The health of chunkserver is known by the master through regular heartbeat messages send by the chunkservers and also GFS client informing the master if one of the chunkservers provided by master is not reachable. When a chunkserver is identified as unhealthy, the master identifies other chunkservers to which chunks need to be replicated and initiates the replication. The heartbeat message also includes chunks stored in a chunkserver and if the master identifies that a chunk is no more required like chunks created but not part of a successful write, it will initiate the garbage collection process to reduce the space use. The same process is used when files are deleted. In order to be able to recover a file deleted by mistake, GFS renames the deleted file and hence the chunks are kept in the system for a period of time during which the file can be recovered by renaming the file. After the time period, master deletes the metadata of the file and when a chunkserver informs about the chunk that belonged to the deleted file, the master sees that as garbage and informs the chunkserver to remove the chunk. Stale chunks are also identified when a chunkserver comes back online after a failure and sends heatbeat message to master and is subsequently removed.

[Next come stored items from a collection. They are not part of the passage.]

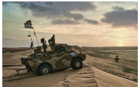
Mit ihren Fenneks in der malischen Wüste sind die Gebirgsaufklärer hochmobil und können autark handeln.

Die Aufklärungskräfte sammeln nicht nur am Boden sondern auch in der Luft Informationen. Diese werden im Hauptquartier in Bamako zusammengeführt, damit die militärische Führung ein vollständiges Lagebild vor Ort hat und die eigenen Kräfte gezielt einsetzen kann. Die gemischte Aufklärungskompanie des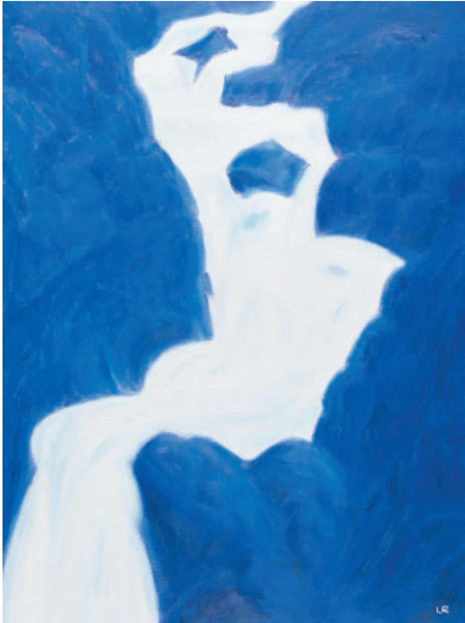
„Silberfall II“, (Grimsepass), Öl, 80 x 60 cm, 2001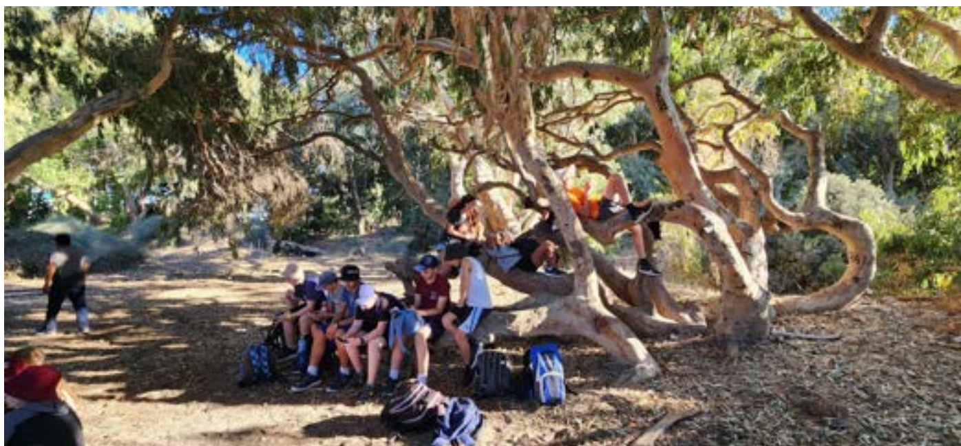
מנוחת נעורים בחניון חוף בצת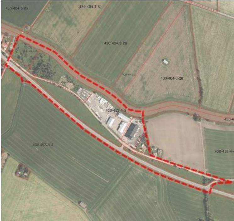
Kuva 1. Kaava-alueen raja-alue osoitekartalla.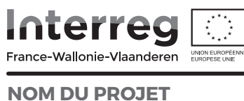
VERSION EN NIVEAU DE GRIS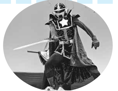
▲一日救助隊長の「カツキング」

市では例年、地域防災訓練を実施していますが、本年度は5年に1度の総合防災訓練を開催します。今回は、地震災害だけではなく、土砂災害や洪水等も含めた総合的な災害に対応することができる訓練を計画しています。更に、小さなお子さんも楽しんで学べる訓練を準備していますので、皆さんの参加をお待ちしています。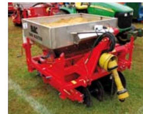
Blec Sand Injector.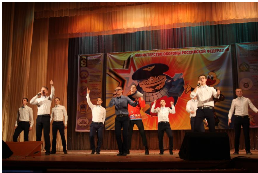
Выступление команды КВН филиала академии.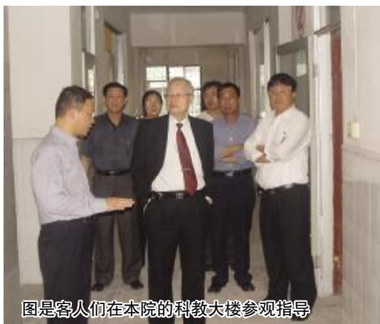
图是客人们在本院的科教大楼参观指导

在参观中,客人们高度评价本院科教大楼的基础建设情况。他们说,医院这几年呈现非常良好的发展态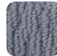
3490 Cobweb 3490 Toile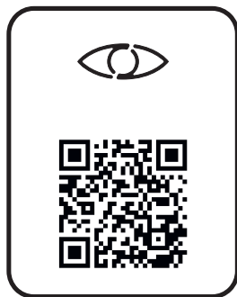
audiodeskrypcja audio description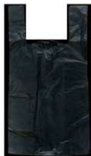
Bolsa Grande Tipo Camiseta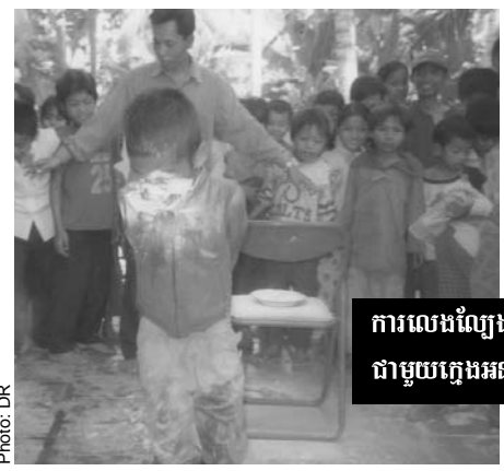
ការលេងល្បែងកំសាន្ត ជាមួយក្មេងអនាថា

បំរើការក្នុងប្រទេសក្រីក្រ ដូចជាប្រទេស កម្ពុជាជាដើម។ នេះគឺជាឱកាសមួយសំរាប់ ជួយលើកទឹកចិត្តដល់និស្សិតទេវវិទ្យាល័យ កម្ពុជាឱ្យបន្តការខិតខំជួយកសាងព្រះសហ គមន៍និងដើម្បីឱ្យស្ពាន់គ្នាទៅវិញទៅមក។ ព្រះសហគមន៍នៅកម្ពុជាមានសេចក្តីសង្ឃឹម ថា នៅពេលអនាគត នឹងមានបូជាចារ្យខ្លីៗ ដែលចេញពីព្រះសហគមន៍ខ្មែរ។ ការជួបជុំ គ្នាជាលើកដំបូងរវាងនិស្សិតទេវវិទ្យាល័យ នៅកម្ពុជានេះគឺការប្រជុំរៀនរៀនរៀនរៀនរៀនរៀន ហើយយើងតាំងចិត្តនឹងធ្វើតាមការរៀបចំ របស់នាយកទេវវិទ្យាល័យភ្នំពេញ។ អេរវ៉ាន់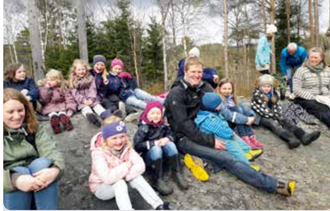
Søndagsskolen på Øyslebø har opprettholdt det meste av aktiviteten i koronaperioden, men savner normale tider. Dette bildet er tatt på en uteaktivitet i Husebakk i 2018.

Vi jobber aktivt for at lederne ikke skal mistet motet, og at de skal få inspirasjon til å starte opp igjen til høsten. Fordi vi ønsker at barna skal få muligheten til å bli kjent med og undre seg over bibelfortellingene, sammen med andre barn og voksne i en barnegruppe.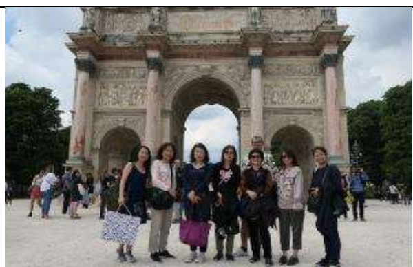
圖 27 參觀完羅浮宮，團員們於外圍凱旋門合影。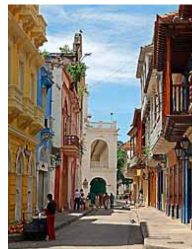
De kleurrijke oude binnenstad straalt vrolijkheid uit.

„Of je nu gaat voor strand, shoppen, cultuur of culinair genieten; Barcelona heeft het. Doe vooral wat de Catalanen doen en eet tussen 14.00 en 16.00 uur warm. Voor ongeveer een tientje heb je op veel plekken al een lunchmenu, inclusief drankje. Vissieliefhebbers moeten aanschuiven bij Big Fish in El Born, voor de mediterrane keuken ga je naar En Ville in El Raval. En, pas ontdekt: La Cucine Mandarosso, een fantastische Italiaan in El Born. Voor tapas zit je altijd goed bij de Cerveceria Catalana. Voor de sportieve toerist is de Carretera de les Aigües een aanrader, de oude waterweg met fantastische uitzicht over Barcelona. De begraafplaats Cementeri de Montjuïc is met haar pompeuze grafmonumenten en kitscherige grafnissen ook een bezoek waard. Loungen met uitzicht op zee doe je bij La Caseta del Migdia, achter het kasteel op de heuvel. En voor originele souvenirs slaag je zeker bij Wawas in El Born.“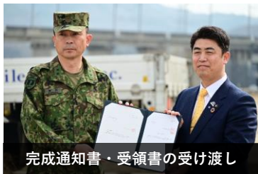
完成通知書・受領書の受け渡し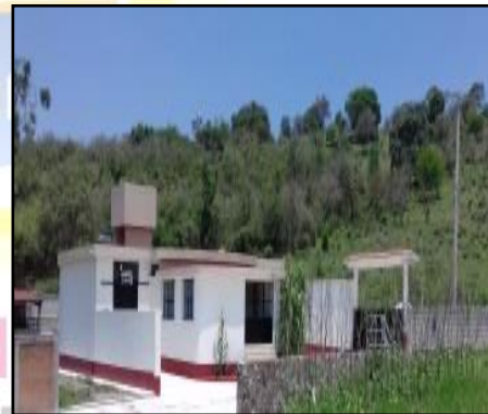
Instalaciones del Nuevo Rastro Municipal y Planta Tratadora de Agua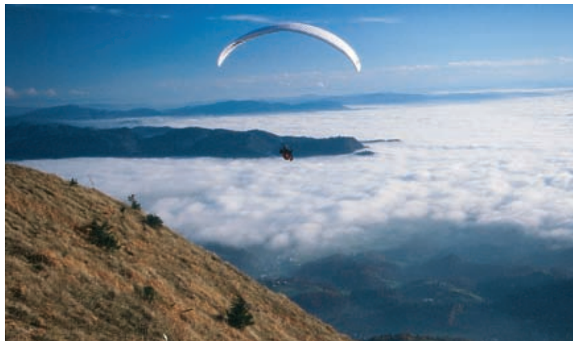
Kamniški vrh je priljubljeno vzletišče jadralnih padalcev.

srečali ob tu in tam strmem vzponu, le izletnike, ki ob koncih tedna radi obiskujejo Kamniški vrh, porazgubljeni po njegovih številnih poteh; zlato pa bo sonce, ki se prijetno upira v prisoje, in satanske bodo oblike skal ali drevesnih debel, skrotovičenih od plazov. Do vrha ni niti preblizu niti predaleč.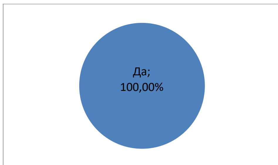
Рис. 7. Результаты готовности в настоящее время принимать выпускников на работу

На вопрос «Намерены ли Вы в настоящее время и в будущем принимать выпускников на работу?» - ответ «Да» дали 100% опрошенных работодателей.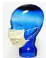
ヨウ素による薄み・黄色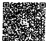
บัญชีวัดเทพประทาน

เนื่องจากบางครั้งเกิดเหตุขัดข้อง โดยที่ไม่ได้รับเอกสาร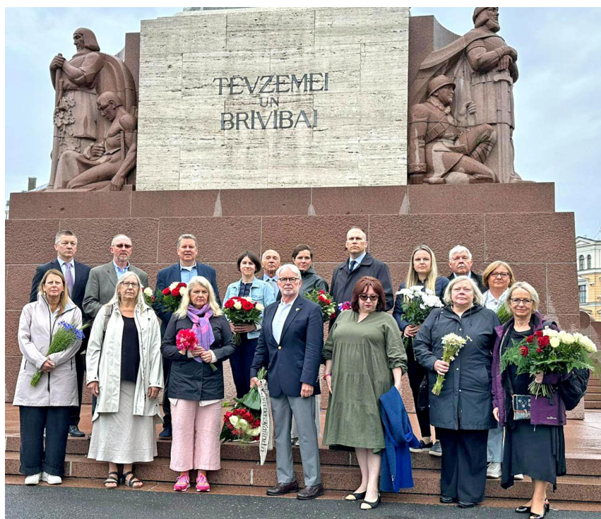
PBLA valde pie Brīvības pieminekļa Rīgā.

Piektdien, 14. jūnijā , Tautas sēru dienā, pieminot okupācijas varas upurus, PBLA valde nolika ziedus pie Brīvības un Gunāra Astras pieminekļiem, bet 15. jūnijā , sēdes nedēļas notikumu izskaņā, piedalījās Pasaules Latviešu mākslas centra 10 gadu jubilejas pasākumos Cēsīs.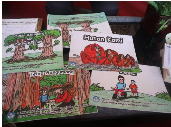
Gambar 2. Dokumentasi ketersediaan buku cerita rakyat Kalimantan Tengah di Perpustakaan SDN Tuwung-1

Selain data tabelaris, penelitian ini juga menemukan beberapa temuan kualitatif terkait ketersediaan buku. Pertama, kondisi fisik sebagian besar buku masih layak baca, tetapi ditemukan kerusakan minor pada beberapa judul di SDN Bukit Rawi 1. Kedua, buku-buku tersebut tidak sepenuhnya terintegrasi dalam katalog perpustakaan, sehingga akses siswa tidak merata dan peminjaman jarang dilakukan secara sistematis. Ketiga, tingkat kompleksitas bahasa dalam beberapa judul buku di SDN Bukit Rawi 1 belum sepenuhnya sesuai dengan kemampuan membaca siswa kelas rendah.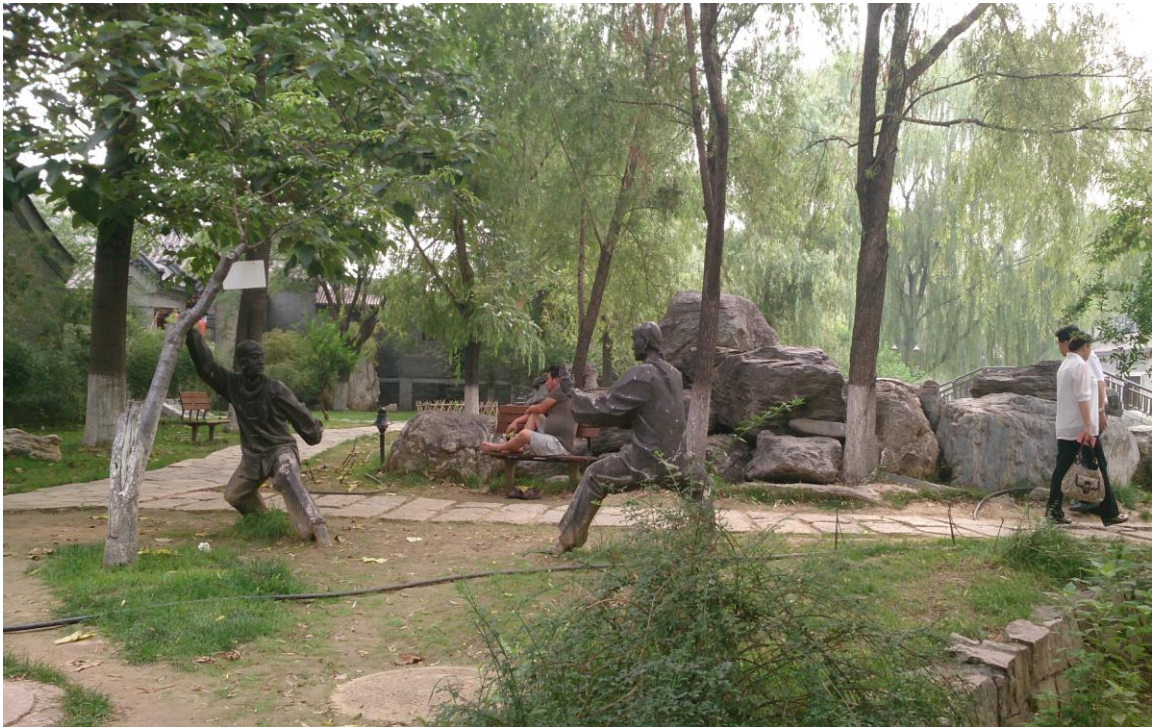
北京市蟹島綠色生態農莊（7/7上午）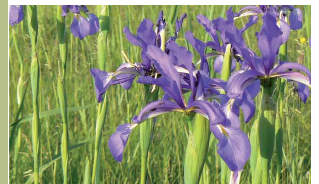
R5-8 | Börcsök-szék, fátyolos nőszirm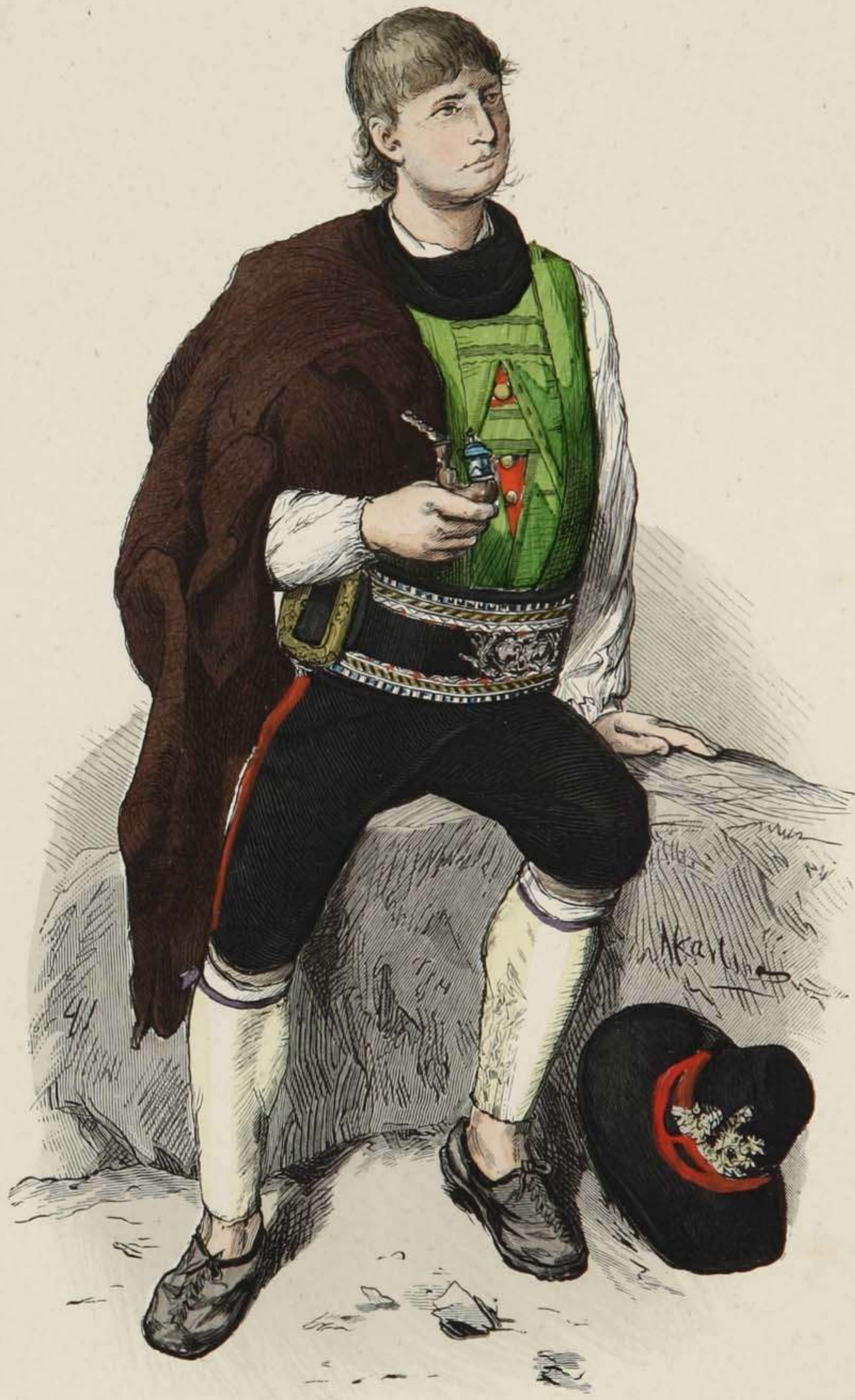
Junger Bauer aus Obermais bei Meran, Südtirol.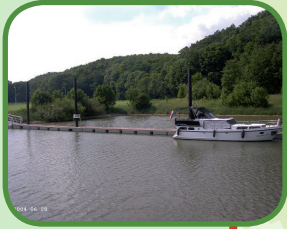
De stuwwal bij Renkum

○ Knooppunt Liberation Route — Liberation Route ○ Overige knooppunten — Overige verbindingen tussen knooppunten ★ Luisterplek Liberation Route Lengte: +/- 32 km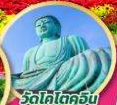
วัดโคโตะคุจิน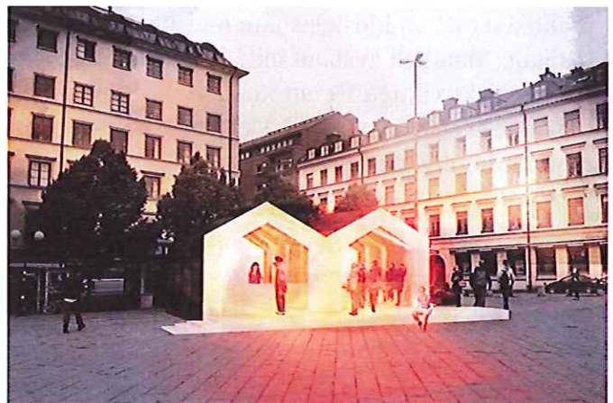
16. 2013 hade Fastighetskontoret i Stockholms stad en arkitektävling för att få fram förslag på nya typer av små, mobila byggnader i staden i staden. Syftet var att hitta nya former och varierad arkitektur för exempelvis kiosker. Tre vinnare utsågs, varav denna är en. (fotomontage).

Med innovativ arkitektur kan Stockholms identitet utvecklas och på ett modernt och medvetet sätt. En kiosk passar särskilt bra för att testa innovativa arkitektoniska lösningar eftersom den står fritt i förhållande till andra byggnader, är liten och ofta tillfällig och därför inte påverkar staden i stor skala.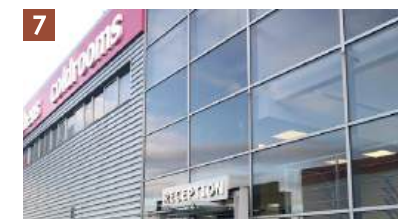
Azuma Foods UK Ltd.

設立:2003年/出来事:六本木ヒルズ開業 トレンド:Y2K・ヘソ出し・ギャル文化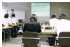
「環境対応形塗料」講習

これ以外にも建築、構造物、自動車補修など、各業種ごとや地区ごとに勉強会を随時開催して、現下の国内外の動向、法規制の動向、これに対する当社の取り組み状況の情報提供を行い、ユーザーへの良きパートナーとなる人材の育成を図っています。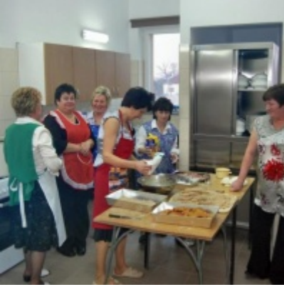
Otwarcie Domu Ludowego w Graboszycah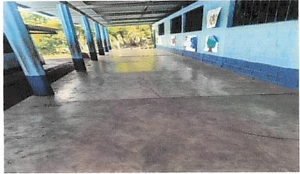
Foto 2: Suministro e instalacion de ventanas pvc en 4 aulas direccion y aula de parvulos ✓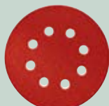
Vekksliping K 40/60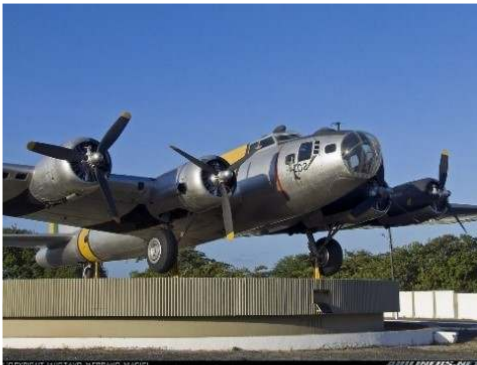
Figura 4. B17: “Fortaleza Voadora” – Aeroporto de Recife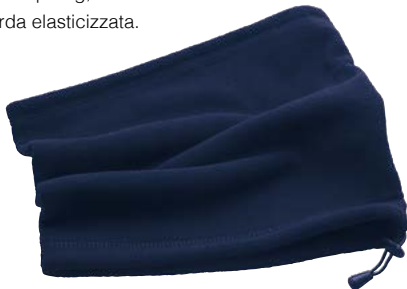
Art. PC 128 SC Scaldacollo 100% poliestere anti-pilling, regolazione a corda elasticizzata.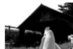
Le grand lavoir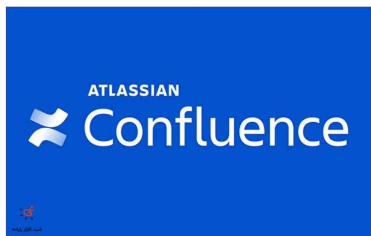
شکل ۲: لوگوی نرم افزار confluence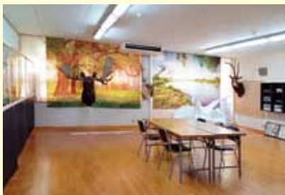
帰りに紀美野自然体験館にも寄ってきました。3Dで恐竜を作成していました。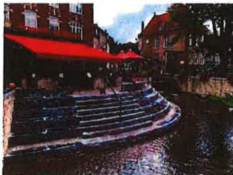
Trappenpartij Gulp (Loolerstraat)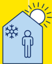
RESTEZ AU FRAIS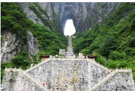
ประตูดาวรร์ค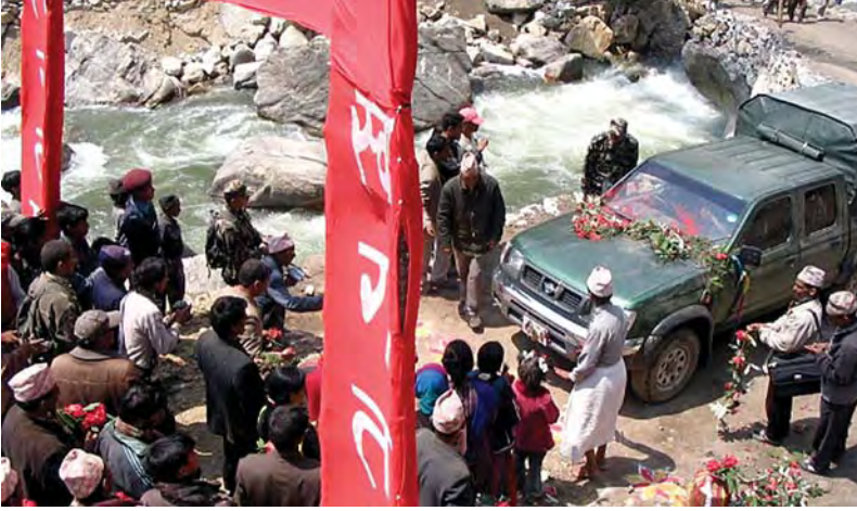
कर्णालीमा पुगेको सेनाको मोटरलाई स्वागत गर्दै स्थानीयवासी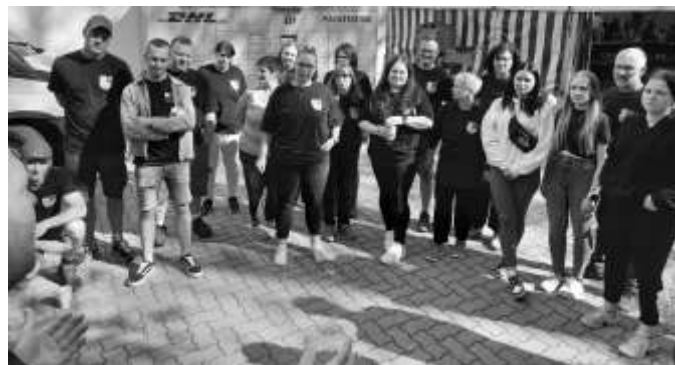
einige Helfer bei der Aufgabenverteilung

Snapshot of a file or directory can be made quickly by GFS master making a copy of the metadata to create the snapshot file or directory which inturn points to the source chunks. Further mutations to the source, will create new chunks on the same chunkserver where original chunks were stored and data gets copied before mutation takes place i.e. copy on write. Given the visibility master has about the state of chunkserver like the amount of chunks it stores, its capacity, its load etc, the master can determine where new chunks should be stored so that the load is balanced. Also in the background it can initiate moving of replicas for rebalancing and recoverability.
Inorder to maintain data integrity and detect data corruption, chunks are broken into 64 KB blocks and checksum of each block is calculated and stored persistently separate from the data. This can be used by the client during reads and also in the background by chunkserver on unread chunks to check the data integrity.